Keeping in mind that I am not a lawyer, and therefore this should not be regarded as legal advice (for which one should seek out a qualified professional in the relevant jurisdiction)...
I see the following faults with this add:
1. No such instrument exists. It doesn't show up in google searches anywhere.
Perhaps it is just their own name for something that measures current. Current is measurable. Them giving some fancy sounding name to it is not likely to be regarded as fraud.
2. No references are made to the length of the cables subjected to this test nor is the diameter of the cables ever mentioned.
Leaving out facts is not the same as fraud, which involves falsehoods. If they are talking about, let us say for example, mile long cords, then it would be irrelevant to real world use, but that would not make the claim false, and therefore not fraud. (It would just make the claim irrelevant, not false.)

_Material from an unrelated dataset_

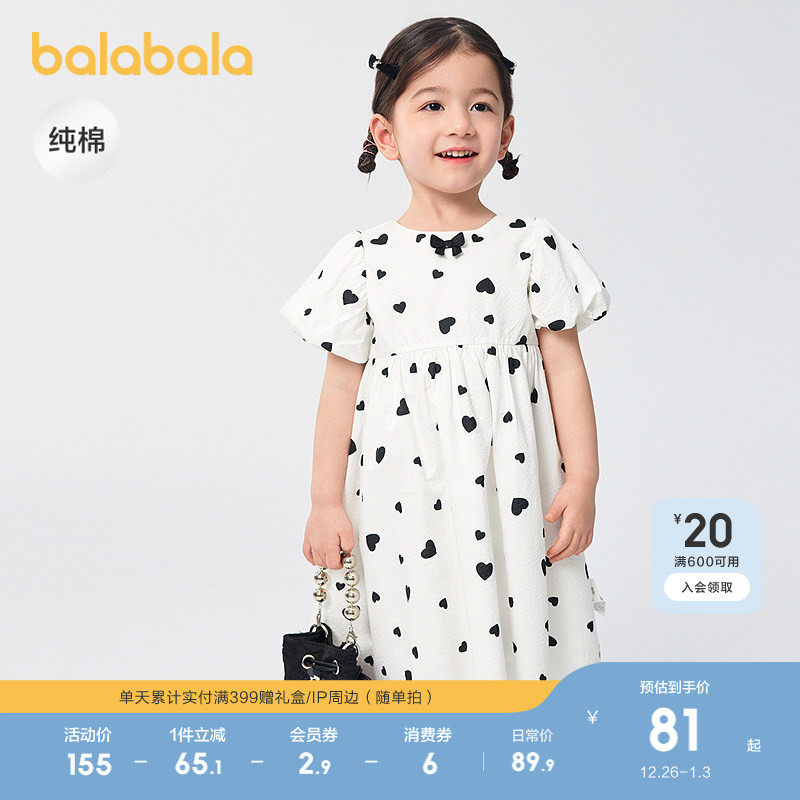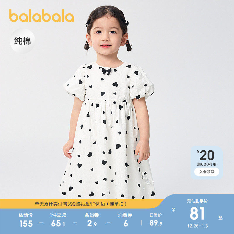 巴拉巴拉童装儿童连衣裙女童高腰公主裙泡泡袖夏季A字裙纯棉裙子

3. Both graphs fail to indicate a valid x axes. Sure its labelled in mircoseconds but how many mircoseconds have passed. One million microseconds = 1 second.

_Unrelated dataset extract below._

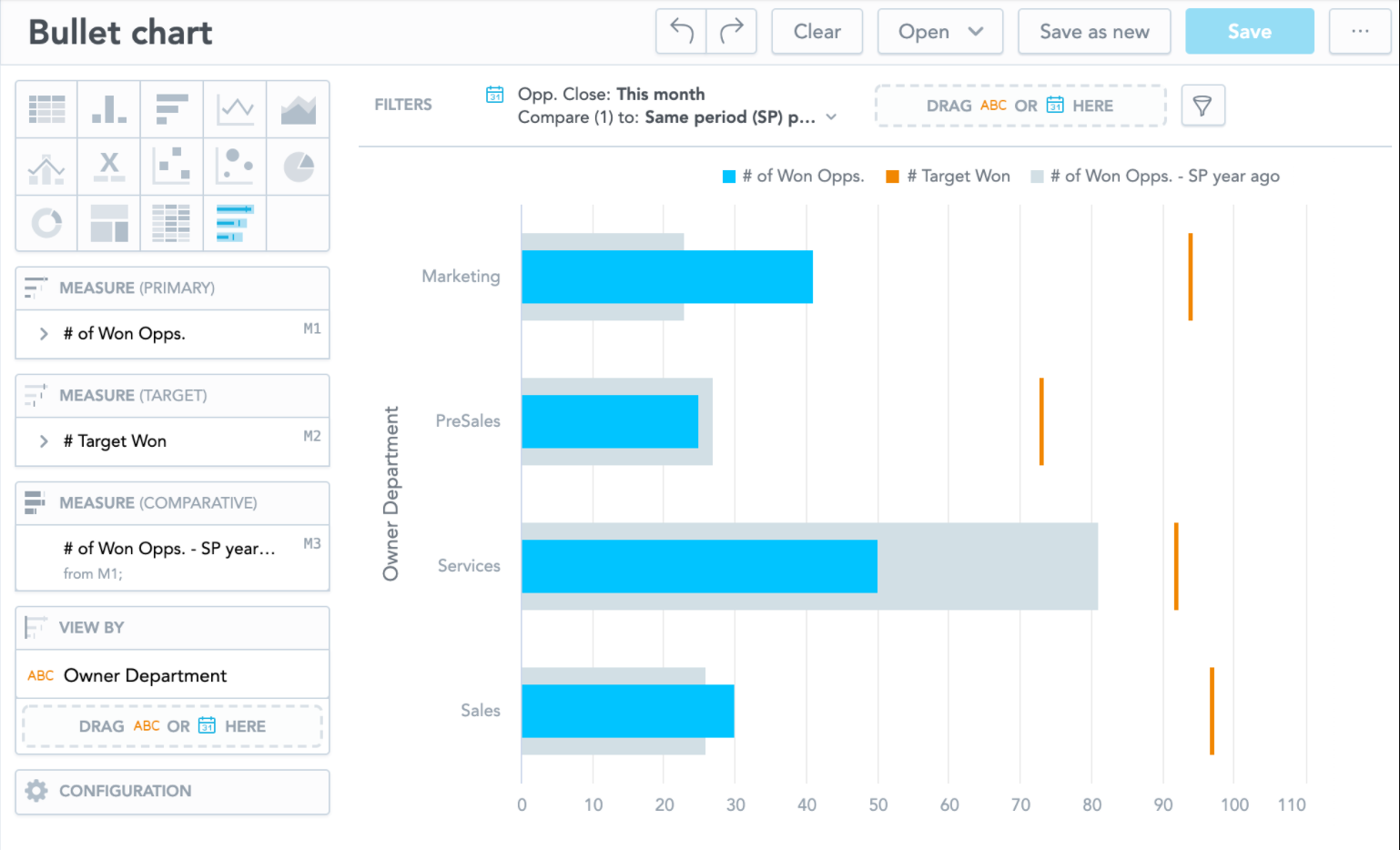 Bullet charts have the following sections: Measure (Primary) , Measure (Target) , Measure (Comparative) , View by , and Configuration .

That seems to indicate that the graph is literally not saying anything, but only appears to be saying something. A sentence devoid of meaning is not fraud. A meaningless graph, being meaningless, is not asserting any falsehoods, and consequently is not fraud.
4. The Y axes on the voltage graph is missing absolute voltage. There isn't any scale of measure.
Same response as to 3 above.
The left graph depicting current:
There is no power chord on earth that plugs into a regular house outlet capable of carrying 225 amps of sustained current. The fuses/circuit breakers in your electrical panel are rated to trip at 20 to 25 amps worst case. Most are rated 15 amps. (can't remember the current rating for the fuse on the dedicated electrial range circuit. I believe its 40 but not quite sure) Anyway, its far less than what the graph depicts.
Yes. What the power cord does or does not do at 225 amps is totally irrelevant to any real world use. But irrelevant facts, as long as they are true, do not constitute fraud.
Maybe the arguement is its short term current. Ok. Maybe it is. Maybe the current spike only last for a few 100th of a microsecond. The curve would be a totally different shape then whats depicted by this company BS graphs. Also, it takes longer than several microseconds to charge up the filter capacitors used in electronics power supplies so any advantages of this chord is lost to the chargiing times of the filter capacitors.
i think their pulling this out of their collective ar?es.
I think you have done two things quite well. You have shown what is wrong with their claims, and you have shown that it is not "fraud", at least as far as we can tell from these few bits of information (they may, of course, have committed fraud in some other part of their website or advertisements, and they may have some of their irrelevant facts wrong as well which might constitute fraud).
So, they definitely seem to be sleazy, but what they are doing does not appear to be fraud. Basically, companies can say many misleading things that are not fraud, and therefore are not subject to violations of laws concerning fraud.
For those who are too lazy to click on the link I already provided:
Common law fraud has nine elements:[2][3]
- a representation of an existing fact;
- its materiality;
- its falsity;
- the speaker's knowledge of its falsity;
- the speaker's intent that it shall be acted upon by the plaintiff;
- plaintiff's ignorance of its falsity;
- plaintiff's reliance on the truth of the representation;
- plaintiff's right to rely upon it; and
- consequent damages suffered by plaintiff.
Most jurisdictions in the United States require that each element be pled with particularity and be proved with clear, cogent, and convincing evidence (very probable evidence) to establish a claim of fraud.
http://en.wikipedia.org/wiki/Fraud
If only some of those apply, but not all of them, then it is not fraud. And that is forgotten in the normal everyday use of the term "fraud", which is broader and looser than the legal meaning of the term. Very often, unscrupulous people skirt the law by saying things that do not state any matter of fact, but appear to do so, or state irrelevant facts, as if they supported the conclusion that they want the buyer (or, equivalently, sucker) to believe. Neither meaningless sentences nor irrelevant facts constitute fraud, and so they are generally safe from prosecution with either of those approaches.